Bernard Bonnier recorded Casse-Tête in 1984 (or is it 1979?) and had it released on the Amaryllis label in France. There’s been an unofficial version on Creel Pone, but here it is in a fine authorised reissue digipack (ORAL CD 23) from Oral Records in Canada. It’s described as ‘musique concrète’, but Bonnier appears to have been an overlooked precursor to much New Wave and underground rock, and the bold mixing techniques on this record are much more appealing to these ears than the dessicated formal music currently issued on the Empreintes Digitales label, for example. Casse-Tête translates as “puzzle”, and the strange leering man on the cover has a face made of jigsaw-puzzle pieces. Very welcome record which I recommend.

Lawrence English recorded Kiri No Oto (TOUCH TONE 31) in Brisbane; it’s pretty much an anthem in praise of the oceans of the world and his friends who live across said oceans. Evocative titles such as ‘Organs Lost at Sea’, ‘White Spray’ and ‘Waves Sheer Light’ match up perfectly to the slow and solemn ambient music. Although English has made some quiet and imperceptible recordings in his pursuit of capturing the energy of nature, this one is very full-bodied. Jon Wozencroft has provided two suitably oceanic images. A record you can play alongside your Isis LPs.

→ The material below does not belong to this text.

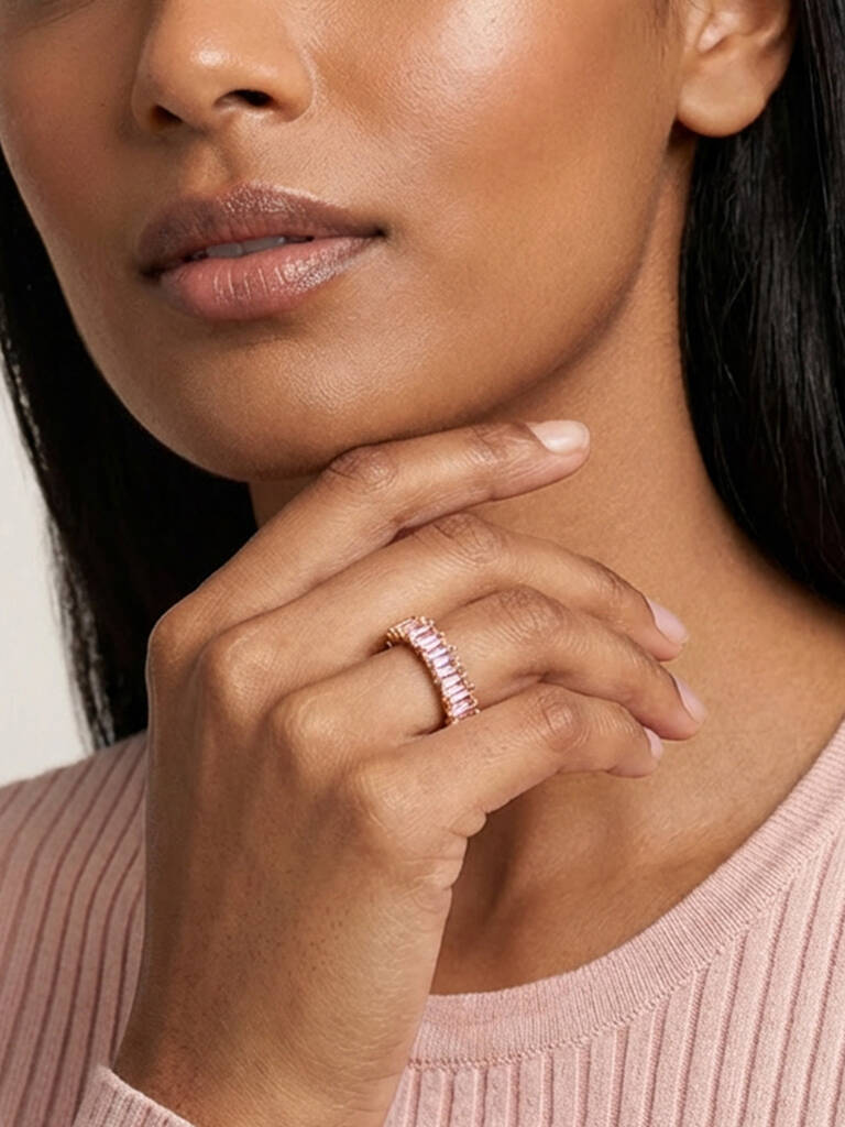 Women's Thick Stacking Ring With Pink Stones

tREEshutdown (smalPRINT SPRCD003) is a compilation produced and put together by Tim Kirby, who I think has been associated with Sonic Catering Band. He wrote or co-wrote all the songs and instrumentals on this CD, featuring performances credited to Ufolk, ReporterGB, Solvinia, Soundcutt, Noriiko, MaryHad and The Casio Consortium. Some of these may in fact be aliases for Tim – I know for a fact that Lessons Around Us, who also appears here, is him in his treated field-recording guise. Many of the pieces seem to be intelligent versions of slow and smoky electro-pop not a million miles away from Portishead, while torchy singers such as Caroline Pringle add their tasteful warbles. Apparently, 25 copies of the album have been attached to trees in Bristol; visit the smallPRINT link for further details.

Alex Mein Smith is a young New Zealander fellow living in the UK just now. Necessity’s Flame (HIGH TENSILE 02) is a drumming record where the beats are sufficiently roughed up, reprocessed and squelched into strange new sonic forms that keep it on the right side of experimental music. Over the top of his rather doom-laden hammering and pounding, Smith adds minimal melodies with guitar or moog. The CD has a solemn caste, but the overall effect is powerful and intriguing.

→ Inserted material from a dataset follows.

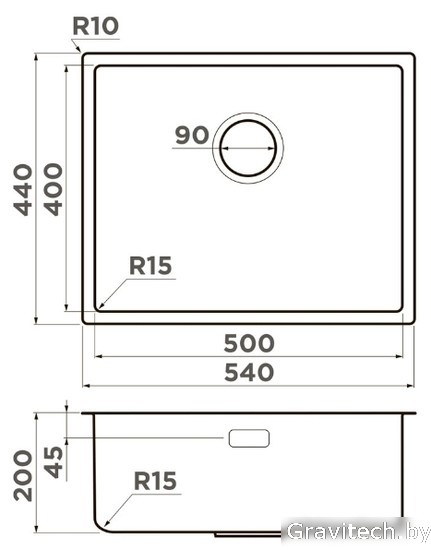 врезная на столешницу/врезная под столешницу/врезная вровень со столешницей, нержавеющая сталь, размеры: 54x44 см, глубина чаши: 20 см, в шкаф шириной от 60 см

Invisible Bees are the London-based duo of Damian Burgess and Elin Eriksen. The CDR 1st (ANTI-GURU 001) arrives in a very convincing hand-made sleeve, covered with tons of symbolic images including a great skull on the front. The subdued almost-ceremonial music appears to have been made entirely in acoustic mode, using strings, accordion, harmonica, zither, recorders and percussion. The album is subtitled ‘insect music forms volume 1’, although it’s had to connect these opaque and perplexing musical statements with the life of insects. A quiet and mysterious record which may have hidden depths.

Black to Comm is mostly Marc Richter, the German one-man operation who also happens to run Dekorder Records. On Fractal Hair Geometry (DEKORDER 027), he delivers seven rich tracks of twisted, shape-shifting and overloaded drone noise with the help of Renate Nikolaus, Ulf Schütte, Jonnna Karanka and Guido Mobiüs. I’ve been slow to see the appeal of Black To Comm’s work, but moments of this new one are starting to make sense to me. There is certainly a lot to listen to, by which I mean every studio concoction has been well-baked in the oven and a rich fruit-cake of an album results. One of the surrealist track titles pays homage to Leigh Bowery, of all people. Gorgeous gatefold sleeve; a psychedelic painting-and-collage mind-meld from the hands of Oliver Ross.

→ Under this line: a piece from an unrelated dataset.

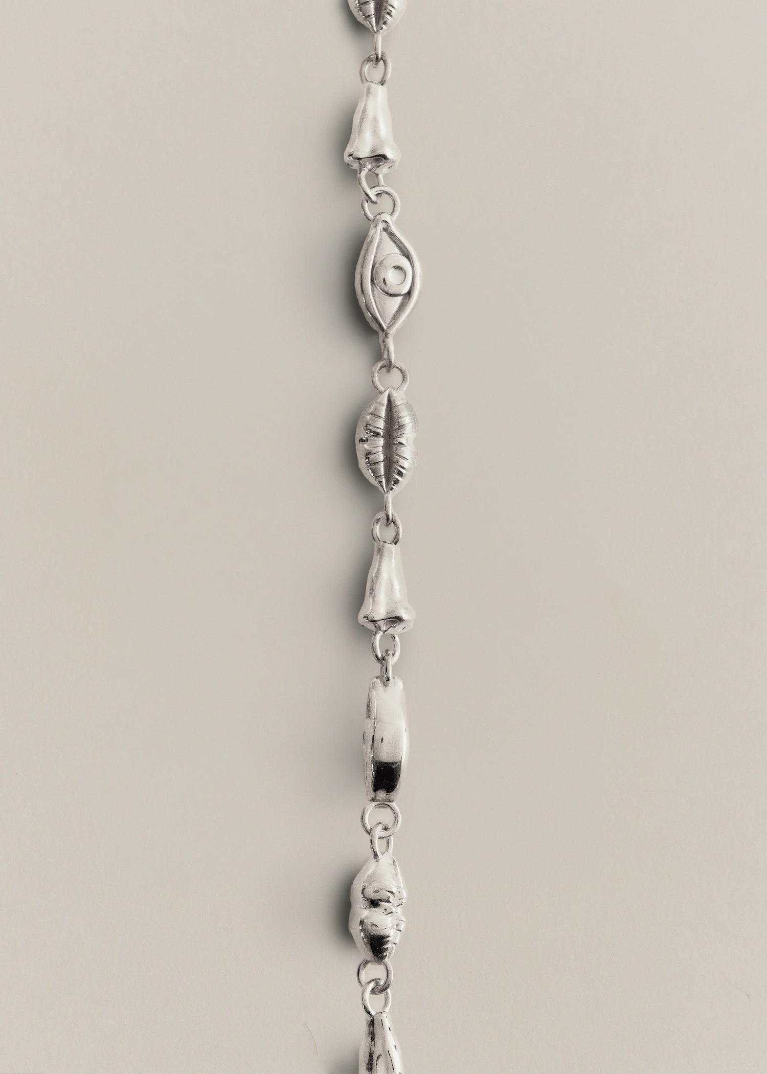 Sama Maxi Bracelet features a series of pendants arranged to form a face motif. Crafted in recycled sterling silver.

Lastly here are the very fine Jupiterdogs, with Jupiterdogs (PALIMPSEST RECORDINGS PR09) or Jupiter Burn as it is also known. I think I have all three releases by this low-key UK duo trio. I am very fond of their gritty approach to wielding their instruments, which could be anything from piano to percussion or guitar or anything with strings they can scrape and pluck. Although not as seethingly bitter as their previous release, this short EP still has bucketloads of strange monotonous tensions and will keep you listening with bated breath. I like the way they seem to have bypassed all ‘conventional’ modes of normal improvisation, so they end up sounding like themselves, instead of trying to copycat the so-called big names in the improv world. This English label has a lot of good stuff which I recommend, particularly the amazing Dead Rat Orchestra who despite their off-putting name do a very good update on English folk music, combining it with all manner of outside influences.